Уже наутро после нашего приезда школа начала функционировать нормально, и скучный ритм солдатской жизни — с подъемами и отбоями, занятиями и перерывами. Нарядами и узкими просветами «личного времени» (не о такой ли «правильности» мечтали «лучшие умы человечества»?) — взял свое: исчезло то живое ощущение катастрофы и неизбежного близкого падения большевистской империи, которое жило, видимо, в каждом из нас со времени мобилизации и до прибытия в Орехово-Зуево и определялось как быстрой сменой наших собственных состояний и положений, так и бестолковщиной того, что происходило с нами и что мы видели кругом. В Орехове мы видели только стены казармы да изредка — улочки глухого, заштатного, замосковского городишки, где уже не чувствовалась близость фронта (хотя раза три или четыре в Орехове и объявлялись воздушные тревоги); здесь о наступлении немцев мы узнавали только по улыбательно-бодрым сводкам Совинформбюро, о настроении населения — по ура!-патриотическим газетным фельетонам и очеркам совписов. Это отсутствие информации тоже брало свое, — недаром все годы своего существования советская власть так боялась и боится свободы информации, недаром у нас простое сообщение факта рассматривается как тягчайшее государственное преступление (когда Алик Гинзбург пустил в обращение «Белую книгу», в которой были собраны только факты, относящиеся к процессу Синявского и Даниеля, его обвинили в антисоветской пропаганде и агитации), недаром нас так огорчает «информационный взрыв» нашего времени. Отсутствие информации, дезинформация, полный контроль над всей информацией — необходимое условие самого существования социалистического общества. Одной только свободы информации, вероятно, уже достаточно для того, чтобы это основанное на мифологии общество рухнуло. Не на невежестве ли держалось 1000 лет политическое господство христианской церкви?

Здесь в Орехове, официальный фасад Совдепии все еще выглядел прочным. И сразу иными, осторожно-казенными стали наши разговоры. Пока мы бежали через леса и болота, мы могли думать, что всему пришел конец и «больше нет городового», но здесь тайная полиция снова вступила в свои права, и люди снова приумолкли. Только с Ильей доверительные отношении все больше упрочивались, но Илья, как и Юрка Колосов, задевал какие-то особые струны моего сердца, бытовые и практические, не те, которые сближали меня с Козловым, Эфесом, а позже — с Гришей Померанцем: вопросы большой политики, истории, философии, искусства его вообще не занимали, он был прагматик и жил реальными заботами текущего дня.

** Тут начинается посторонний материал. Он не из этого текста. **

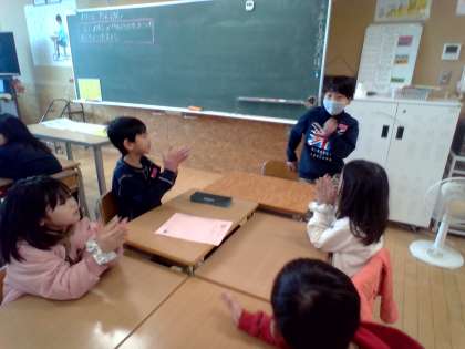 生活科の学習では、「2年生になってからできるようになったこと」を友達と伝え合い、これまでのがんばりを実感していました。発表を聞いた子供たちは拍手をして、友達のがんばりを称えていました。

Полтора месяца пребывания в школе санинструкторов слились в моем воспоминании в одну тусклую картину, где почти нет событий, а есть распорядок. Это были сплошные занятия — в первой половине дня с преподавателями, во второй — я занимался в свое «личное время» с отстающими, повторяя с ними то, что сам узнавал утром от врачей, — анатомию, рецептуру, десмургию, ПВХО[1], а также политграмоту. Отстающими же были почти все курсанты, кроме нас пятерых. За эти мои занятия с отстающими Кроз сквозь пальцы смотрел на мою плохую строевую подготовку, на то, что я толком не умел ни козырнуть, ни повернуться, ни разобрать или собрать станковый пулемет (чему меня учили еще в ИФЛИ), и я числился отличником даже и по этим «предметам». Некоторое разнообразие вносили в нашу жизнь караулы. Когда взвод был в карауле, можно было походить по городу. Илья неизменно таскал меня по столовым, где нам из сострадания иногда давали суп или второе, хотя у нас, разумеется не было карточек, необходимых для того, чтобы получить в столовой еду.

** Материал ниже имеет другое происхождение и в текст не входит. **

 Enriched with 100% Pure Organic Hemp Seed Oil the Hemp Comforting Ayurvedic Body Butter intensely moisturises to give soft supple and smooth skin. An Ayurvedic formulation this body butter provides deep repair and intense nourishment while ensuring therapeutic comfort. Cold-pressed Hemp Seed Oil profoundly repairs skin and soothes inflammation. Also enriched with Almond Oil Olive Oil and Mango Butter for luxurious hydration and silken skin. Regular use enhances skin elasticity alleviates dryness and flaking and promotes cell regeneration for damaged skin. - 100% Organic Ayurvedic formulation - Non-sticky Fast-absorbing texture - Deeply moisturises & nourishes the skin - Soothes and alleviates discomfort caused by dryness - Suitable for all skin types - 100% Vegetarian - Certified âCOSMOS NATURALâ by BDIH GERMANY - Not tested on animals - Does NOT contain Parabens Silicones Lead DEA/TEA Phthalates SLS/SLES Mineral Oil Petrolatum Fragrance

Раза три-четыре в Орехово приезжала Леля и привозила нам оладьи, жаренные на рыбьем жире. В ту пору у меня с Лёлей еще сохранялась живая связь, она еще не только не окоченела в официальной газетной идеологии, но даже была настроена крайне критически под влиянием наших слишком очевидных военных неудач.

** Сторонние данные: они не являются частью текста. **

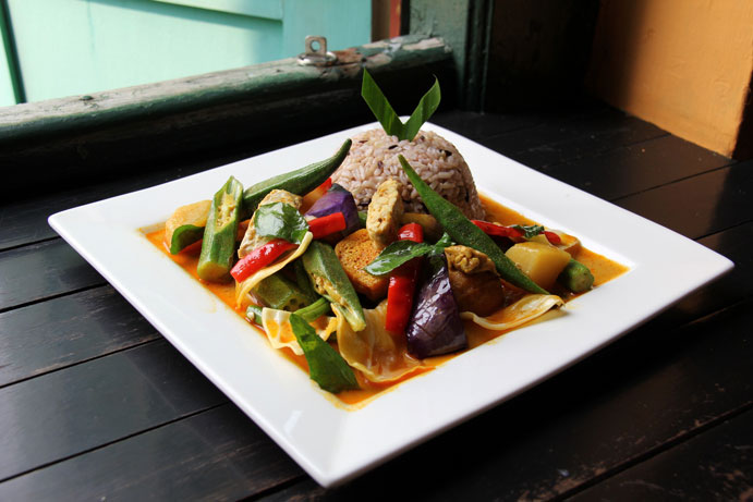 “地理学家”的食物,以素食居多,这碗咖哩面却让我吃出另一番“历史”情怀,尤其知道了当中是以腰果泥及其他坚果来替代胆固醇含量高的椰浆后,一份贴心感更油然而生,不禁品味再三;就像其他食物如糙米椰浆饭,素食咖哩饭和创意Tempe等,从健康养生与美味的角度,都可以看出食谱提供者Wendy小姐对食物的细心看待。
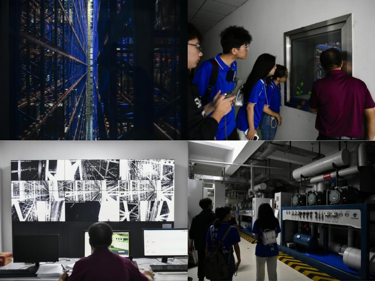 接着,张宝亮经理带领实践团队进入监控室与一号机房,深入了解了智能冷库储藏规模与运行过程。冷库内部出入库的任务周期仅为三分钟,在自动化识别的基础上仍然可以手动调节存储位置,提高工作速度的同时也保障了工作效率。智能冷库共计三万多拖位,容量近1万吨,存藏有伊利、三全、星巴克与肯德基等多个品牌冷藏品,可恒温制冷至零下18度,实现冷藏货物自动出入库、自动盘点、自动调度等功能。在机房,张宝亮经理带领团队成员参观了制冷机等相关设备,并随行讲解相关工作经验,令团队成员获益匪浅。

Впрочем, неудачи эти теперь уже не казались такими катастрофическими, как летом и ранней осенью, когда я был в Смоленской губернии. Мне кажется, что не только я, но и вся страна оправилась от испуга. Октябрьское наступление немцев постепенно выдохлось. Правда, в середине ноября немцы снова начали наступать и весьма успешно, но уже было ясно, что даже и взятие Москвы не будет теперь означать окончания войны, что необъятная территория России может еще раз сыграть роковую роль в судьбе иноземного нашествия. Оценивая возможный исход второй мировой войны, я теперь полагал, что немцы увязнут в России, что весной следующего года англичане откроют второй фронт на побережье Франции (оценить, что означает успешная высадка десанта на укрепленном побережье, какие силы нужны, чтобы развернуть «второй фронт», не имея ни одного портового причала, на глазах у сорока-пятидесяти немецких дивизий, охраняющих побережье, я, разумеется, был не в состоянии, как не в состоянии были оценить того и миллионы других советских обывателей ни тогда, ни даже теперь, хотя все мы и до сих пор важно рассуждаем о «промашке» англичан, не открывших «своевременно» второго фронта), что нас освободят англичане, и т. п.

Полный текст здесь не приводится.